### WHAT TO PRODUCE
The answer should be every line below, repeated exactly, with the images left out.

### DATA RECORDS
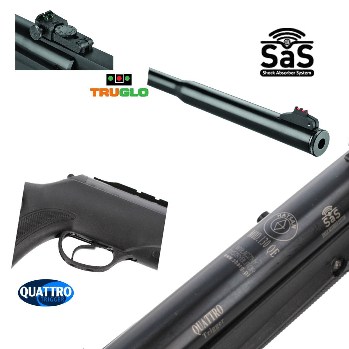 MOD 130QE modern, meticulously finished air rifle of the company Hatsan Arms with a broken qE type barrel with integrated silencer. Equipped with a piston with an extended and widened compression chamber. For those who are looking for a good, solid and accurate carbine wide-ranging. Available in calibers: .177 (4.5 mm), .22 (5.5 mm), .25 (6.35 mm) and .30 (7.62 mm).
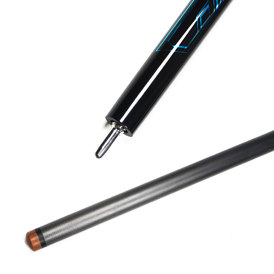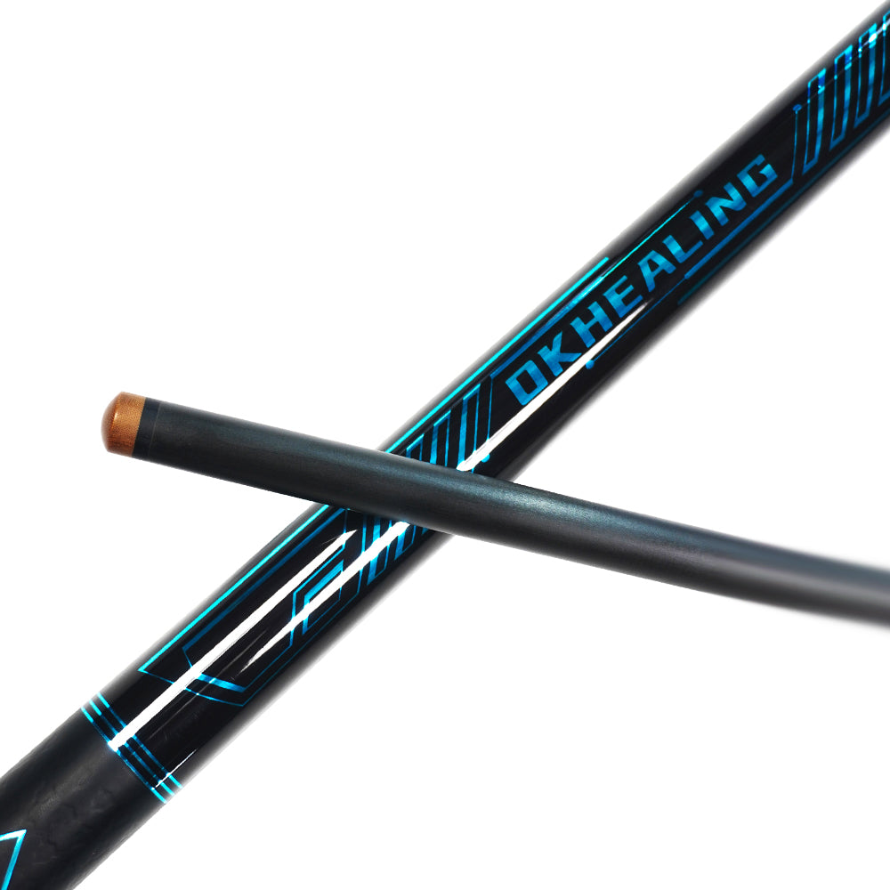 1. Schaft aus Carbon-Technologie: Verfügt über eine plattierte Oberfläche mit markanten blauen geometrischen Mustern , UV-gedruckten Details und einem rutschfesten Griff für maximale Genauigkeit.
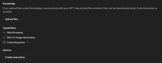 さらにGPTの設定には、「Knowledge」「Capabilities」「Actions」などがあります。
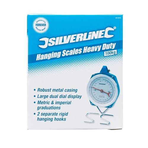 Boîtier métallique robuste avec une finition laquée résistante. Large cadran à double échelle de mesures (métrique et impériale). Tarage simple, idéal pour comparer les poids. 2 crochets de suspension rigides individuels.
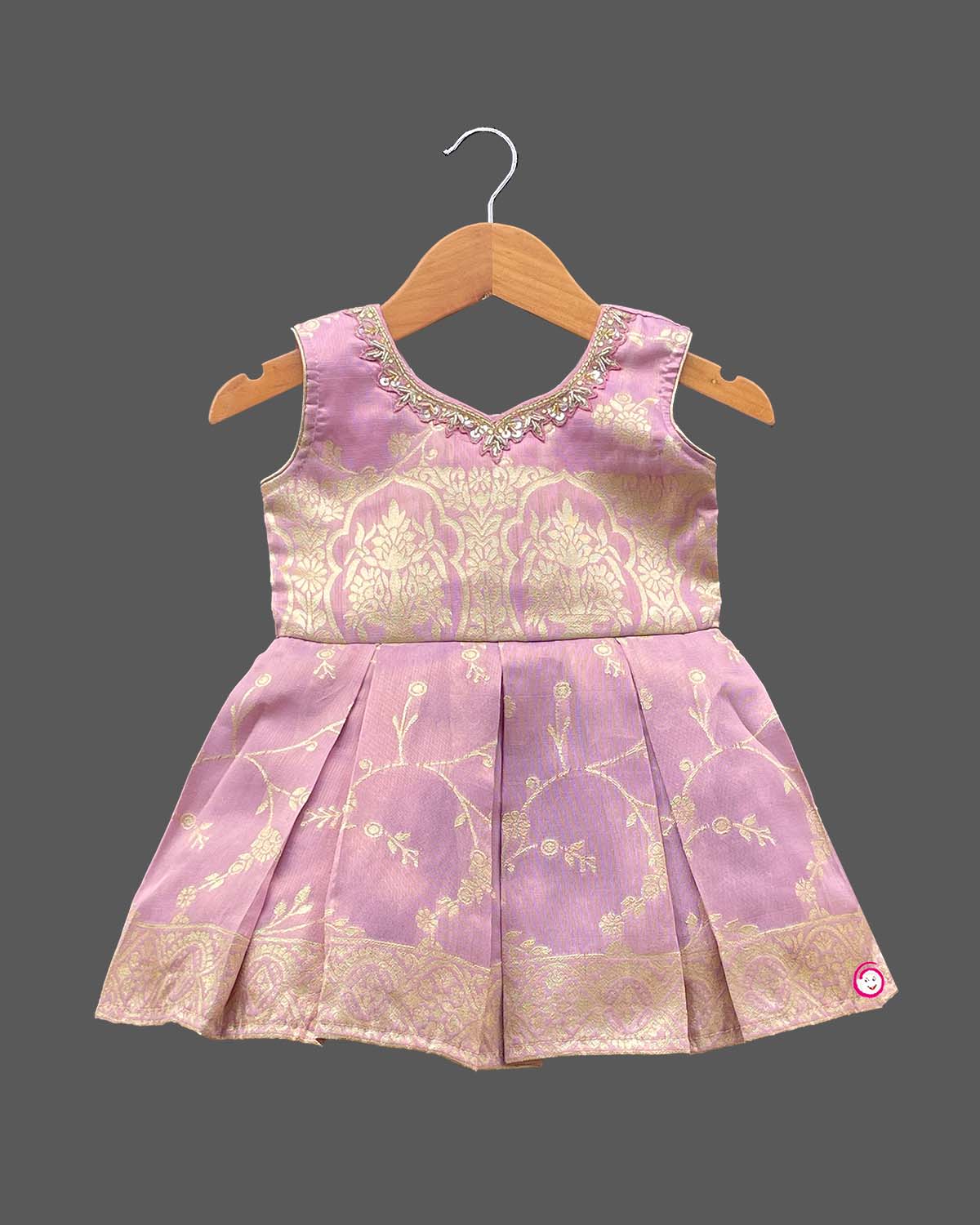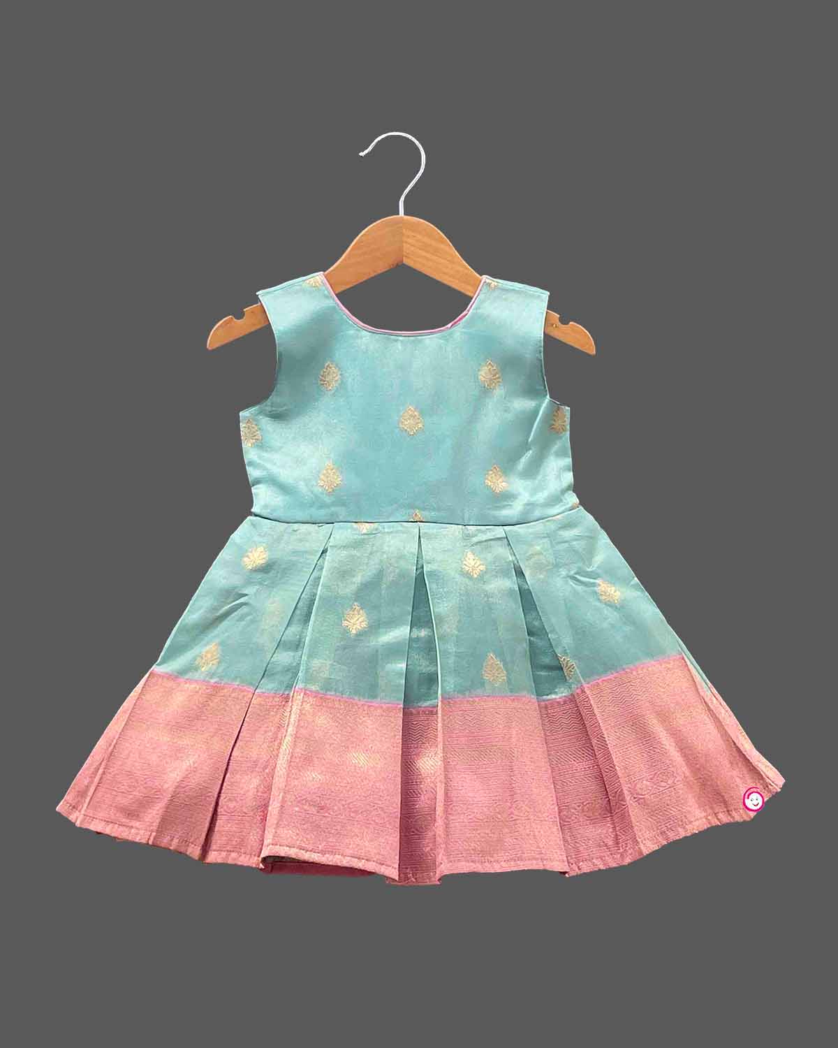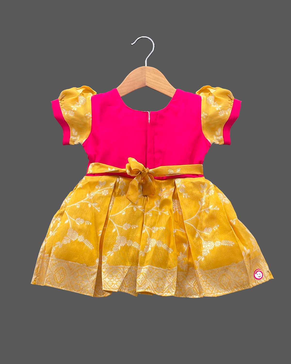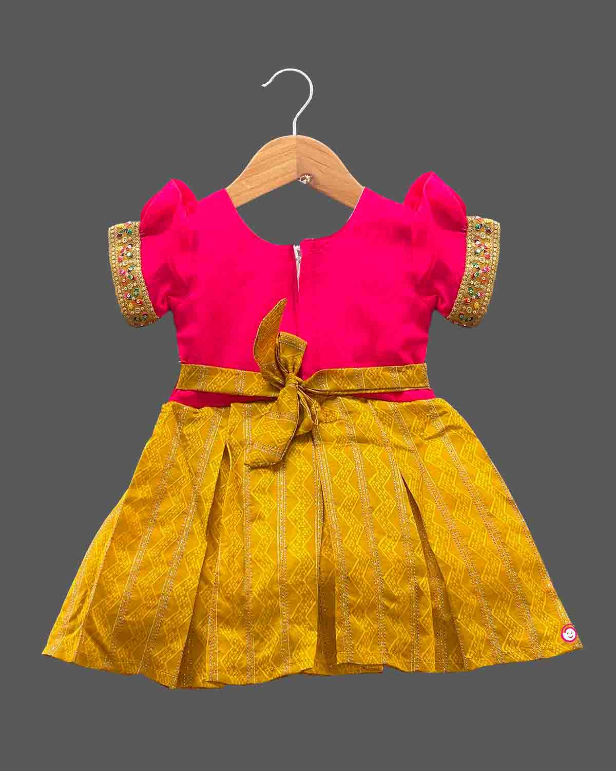 One of the most popular choices in girls ethnic wear is the Traditional Pattu frock. This is a fusion of Indian Elegance and a western frock. Made from luxurious Silk cotton fabric, these frocks are known for their rich texture and vibrant colors. They come in various designs, including floral motifs, peacock patterns, and geometric prints, making them a favorite among parents and children alike. The charm of kids traditional pattu frocks lies in their traditional yet trendy appeal, making them a perfect choice for special occasions.

### TASK RESPONSE
 MOD 130QE modern, meticulously finished air rifle of the company Hatsan Arms with a broken qE type barrel with integrated silencer. Equipped with a piston with an extended and widened compression chamber. For those who are looking for a good, solid and accurate carbine wide-ranging. Available in calibers: .177 (4.5 mm), .22 (5.5 mm), .25 (6.35 mm) and .30 (7.62 mm).
 1. Schaft aus Carbon-Technologie: Verfügt über eine plattierte Oberfläche mit markanten blauen geometrischen Mustern , UV-gedruckten Details und einem rutschfesten Griff für maximale Genauigkeit.
 さらにGPTの設定には、「Knowledge」「Capabilities」「Actions」などがあります。
 Boîtier métallique robuste avec une finition laquée résistante. Large cadran à double échelle de mesures (métrique et impériale). Tarage simple, idéal pour comparer les poids. 2 crochets de suspension rigides individuels.
 One of the most popular choices in girls ethnic wear is the Traditional Pattu frock. This is a fusion of Indian Elegance and a western frock. Made from luxurious Silk cotton fabric, these frocks are known for their rich texture and vibrant colors. They come in various designs, including floral motifs, peacock patterns, and geometric prints, making them a favorite among parents and children alike. The charm of kids traditional pattu frocks lies in their traditional yet trendy appeal, making them a perfect choice for special occasions.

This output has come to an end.